▸ WORK TO COMPLETE:
From the listing below, reproduce exactly the lines starting with the one with "之前買的收納箱,剛剛好放在四抽斗櫃旁邊^__^" and going on through the one with "进一步贯彻传达beat365", both ends kept. No picture is copied.

▸ DATA EXTRACT:
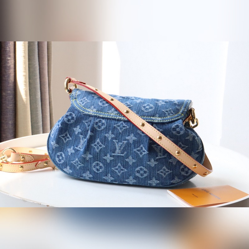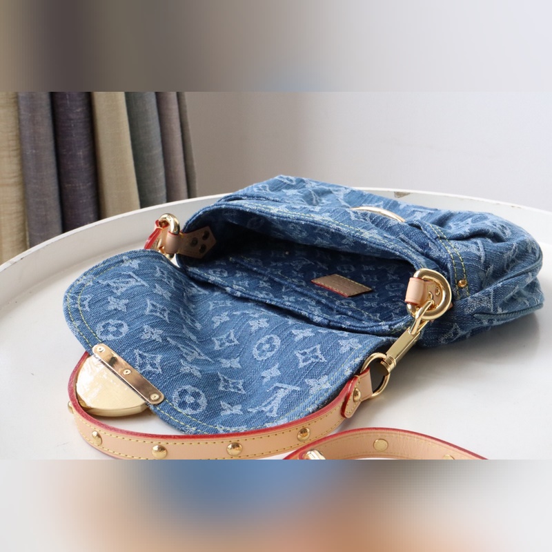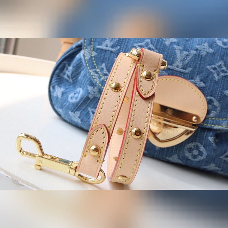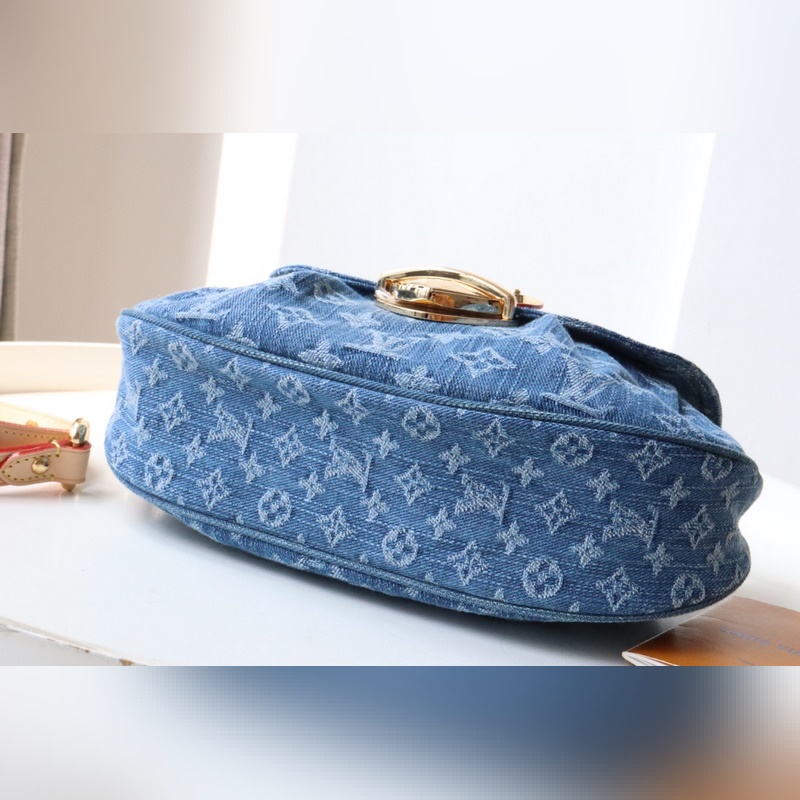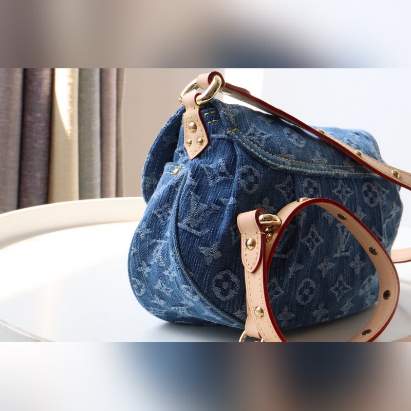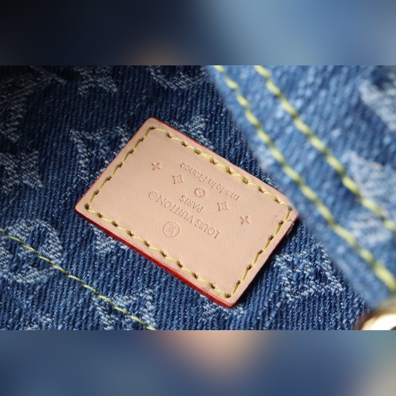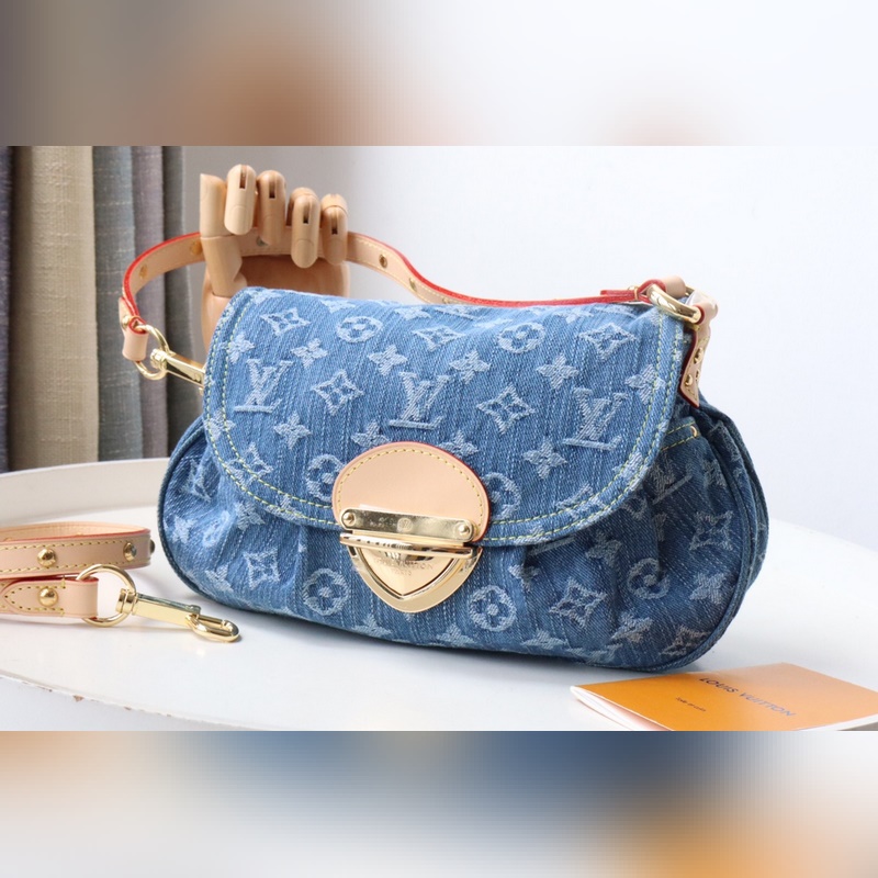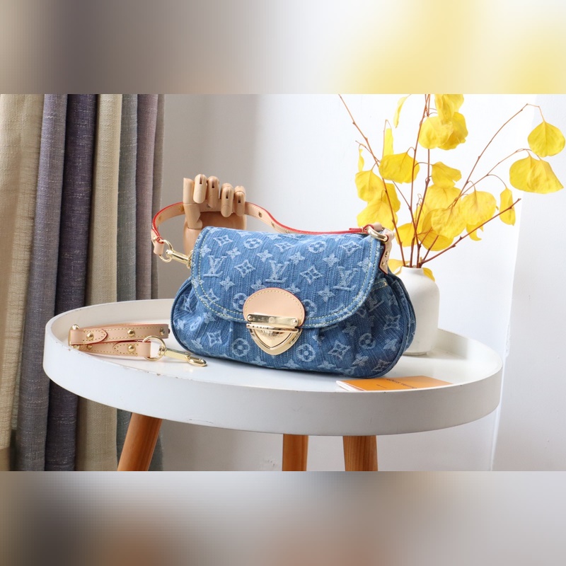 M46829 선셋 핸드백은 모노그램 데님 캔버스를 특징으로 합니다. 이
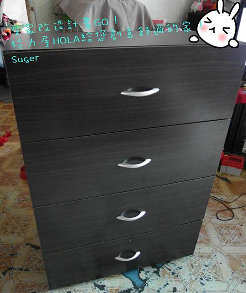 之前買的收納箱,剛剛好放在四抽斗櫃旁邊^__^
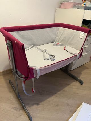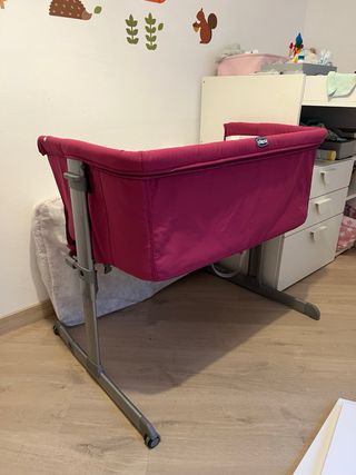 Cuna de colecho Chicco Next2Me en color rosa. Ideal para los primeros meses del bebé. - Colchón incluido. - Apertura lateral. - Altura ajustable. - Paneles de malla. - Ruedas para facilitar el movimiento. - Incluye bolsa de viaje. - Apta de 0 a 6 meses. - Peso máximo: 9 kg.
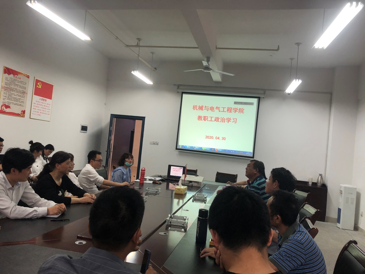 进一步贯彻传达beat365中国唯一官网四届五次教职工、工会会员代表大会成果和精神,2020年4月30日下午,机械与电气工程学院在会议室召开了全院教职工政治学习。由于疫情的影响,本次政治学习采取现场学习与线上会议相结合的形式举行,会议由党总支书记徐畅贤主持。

---

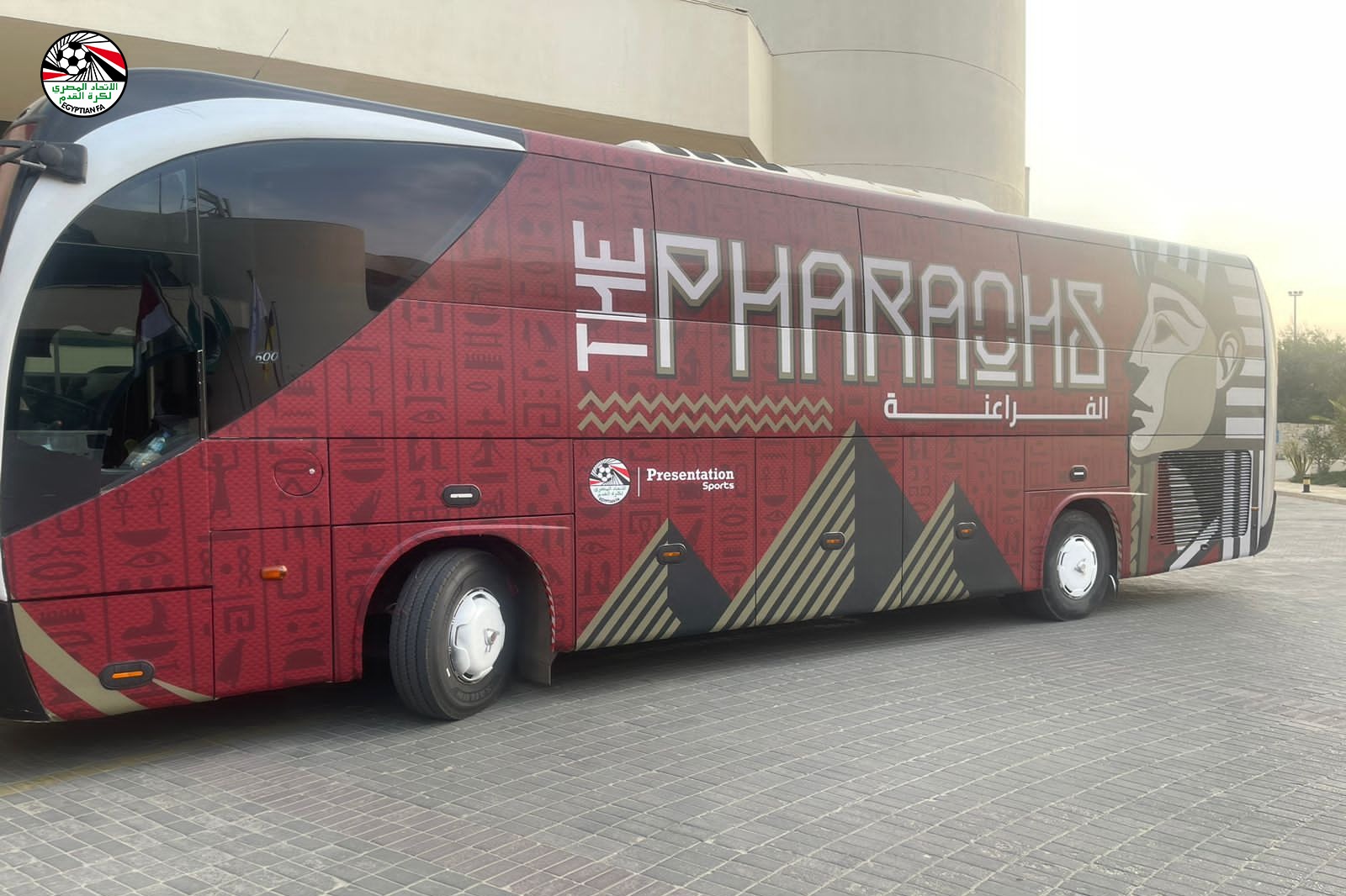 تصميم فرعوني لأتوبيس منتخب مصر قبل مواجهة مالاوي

▸ ANSWER SECTION:
 之前買的收納箱,剛剛好放在四抽斗櫃旁邊^__^
 Cuna de colecho Chicco Next2Me en color rosa. Ideal para los primeros meses del bebé. - Colchón incluido. - Apertura lateral. - Altura ajustable. - Paneles de malla. - Ruedas para facilitar el movimiento. - Incluye bolsa de viaje. - Apta de 0 a 6 meses. - Peso máximo: 9 kg.
 进一步贯彻传达beat365中国唯一官网四届五次教职工、工会会员代表大会成果和精神,2020年4月30日下午,机械与电气工程学院在会议室召开了全院教职工政治学习。由于疫情的影响,本次政治学习采取现场学习与线上会议相结合的形式举行,会议由党总支书记徐畅贤主持。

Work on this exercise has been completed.